Piet Mondrian was born Pieter Cornelis Mondriaan, Jr., on March 7, 1872, at Amersfoort, the Netherlands. Until 1908, when he started to take yearly trips to Domburg at Zeeland, Mondrian's work was pragmatic --integrating sequential on impacts of instructional landscape and still-life painting, Dutch Impressionism, and Symbolism. In 1909 a significant exhibition of his job (with this of Jan Sluijters and Cornelis Spoor) was held in the Stedelijk Museum, Amsterdam, and that same year he joined the Theosophic Society. In 1909 and 1910 he experimented with Pointillism and by 1911 had started to function in a Cubist manner. After viewing first Cubist works by Georges Braque and Pablo Picasso in the first Moderne Kunstkring exhibition in 1911 at Amsterdam,Mondrian chose to proceed to Paris. There, from 1912 to 1914, he started to develop a different abstract fashion.
Piet Mondrian Art
Mondrian saw the Netherlands when World War I broke out and averted his return to Paris. Throughout the war years in Hollande reduced his colours and geometric shapes and devised his nonobjective Neoplastic design. Back in 1917, Mondrian became one of the founders of De Stijl.
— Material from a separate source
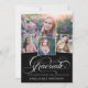 Une invitation moderne de graduation avec le mot "diplômé" sur le devant dans la calligraphie stylisée, plus 4 de vos photos senior préférées. Ajoutez vos propres détails de célébration personnelle à l'arrière. Voici la version en noir et blanc.

The group, formed by Theo van Doesburg, Bart van der Leck, and Georges Vantongerloo, continued on its principles and rules of abstraction and simplification outside painting and sculpture to industrial and graphic design. Mondrian's essays on abstract art were printed in the periodical De Stijl. Back in July 1919, he returned to Paris; there that he exhibited De Stijl in 1923, but withdrew from the team after van Doesburg reintroduced diagonal elements into his job around 1925. Back in 1930, Mondrian revealed with Cercle et Carré (Circle and Square) and in 1931 united Abstraction-Création.